Amazon Web Services support is also extended with:

  • Expanded NoSQL ingestion capabilities by adding connectivity for AWS DynamoDB, with the unique ability to execute high performance reads and writes from a Spark job.
  • Support for the latest AWS EMR and Redshift APIs, delivering high performance, distributed extract and load operations.
  • Support for cluster resizing for AWS EMR and Redshift, so you can optimize the use of computing and storage resources (with the associated cost savings) by dynamically changing the number of nodes.

This release also supports the latest Hadoop distributions and versions of NoSQL databases, offering increased functionality and performance:

  • Cloudera 5.7
  • Hortonworks 2.4
  • MapR 5.1
  • Spark 1.6.2
  • Amazon EMR 4.5, 4.6
  • Microsoft Azure HDInsight 3.4
  • Cassandra 3.4
  • MongoDB 3.2
  • AWS DynamoDB

It also ships with four additional machine learning classification and regression components (Linear SVM, Decision Tree, Gradient-boosted Tree, and Linear Regression) to automate actionable insight in data pipelines.

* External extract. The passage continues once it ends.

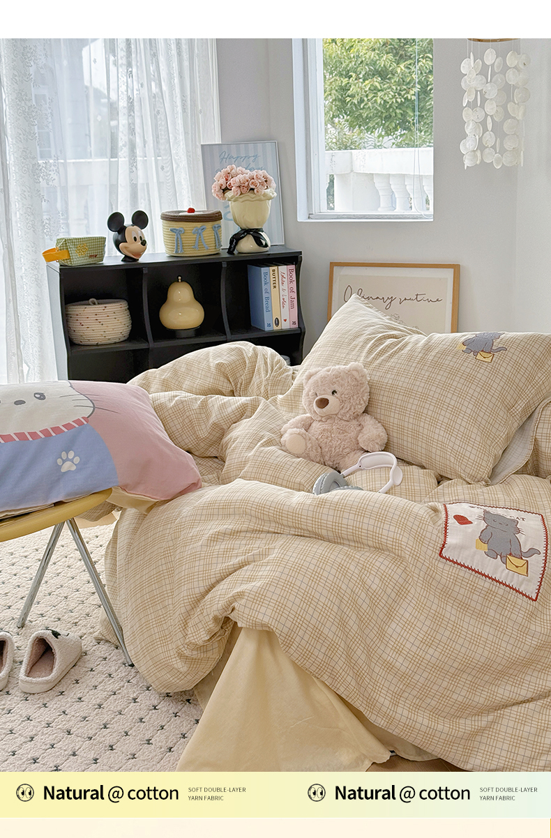 (总)塔塔 2025新款洛丽塔全棉拼接嵌边打褶四件套,蛋糕小熊,甜心派对

It is now possible to update Hadoop distributions without having to reinstall Talend Studio.

Data Integration

Talend 6.2 provides productivity improvements and continuous delivery enhancements with Git support for graphical component level diff and merge, the ability to create feature and bug branches, and to merge to and from branches; and support for Bitbucket.

Support for Amazon Web Services is extended, including:

  • The ability to perform AWS Redshift data-quality profiling with the collection of metadata used to analyze and optimize data warehousing.
  • Support for the latest AWS Redshift APIs, delivering high-performance, distributed extract and load operations.
  • Support for cluster resizing for AWS Redshift, so you can optimize the use of computing and storage resources (with the associated cost savings) by dynamically changing the number of nodes.
  • Enterprise-grade SSL communication between Talend Jobs and AWS Redshift, as well as support for AWS S3 server and client-side encryption.
  • Role-based access to AWS services and resources by inheriting credentials from AWS Identity and Access Management (IAM).

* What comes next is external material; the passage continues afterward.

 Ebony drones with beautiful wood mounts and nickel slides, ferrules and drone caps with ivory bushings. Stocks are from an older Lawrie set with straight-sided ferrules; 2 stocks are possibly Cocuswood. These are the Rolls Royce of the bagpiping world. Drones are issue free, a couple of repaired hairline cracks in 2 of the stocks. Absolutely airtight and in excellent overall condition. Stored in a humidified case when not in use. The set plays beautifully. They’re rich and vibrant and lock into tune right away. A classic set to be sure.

Enterprise connectivity updates include:

  • Support for SAP Business Warehouse
  • Support for JIRA
  • Support for the latest Salesforce.com and Salesforce Wave Spring '16 APIs

  • Support for the latest Marketo REST API
  • SAP recertification
  • Support for Splunk Event Collector
  • Updates for ExaSol ELT
  • Updates for Vertica

In Talend Administration Center, users can now be grouped by user type: an MDM user can be part of an MDM, Data Quality or Data Integration group; a Data Quality user can be part of a Data Quality or Data Integration group, but not an MDM group, and a Data Integration user can only be part of a Data Integration group.

Talend Administration Center now has two repositories to store custom libraries: snapshot and release.

The Data Integration and ESB Studio interface perspectives have been merged, which helps improve productivity on data services projects.

A new components framework has been added, making it easier to incorporate your own components into Talend.

Data Mapper

Talend 6.2 streamlines complex data processing on Spark and Hadoop so you can increase productivity and performance for Big Data, Real-Time Big Data, and Data Fabric integrations, thanks to the introduction of new components that leverage Talend Data Mapper. You can now parse, validate, and transform complex message formats on Spark without hand-coding in XML, CSV, IDoc, Avro, JSON, EDI, COBOL and more.

This lets you apply and test syntactic and semantic validation rules for big data integrations to ensure data accuracy and compliance, and get results fast by running everything at speed and scale on Spark.

Data Quality

The Profiling perspective in the Studio now supports analyzing data in Amazon Redshift.

Analysis Editors have been enhanced with the Data Preview section and with new icons and buttons to optimize user experience when working with analyses. Additionally, running the analyses now automatically switches the editor to the Analysis Results view.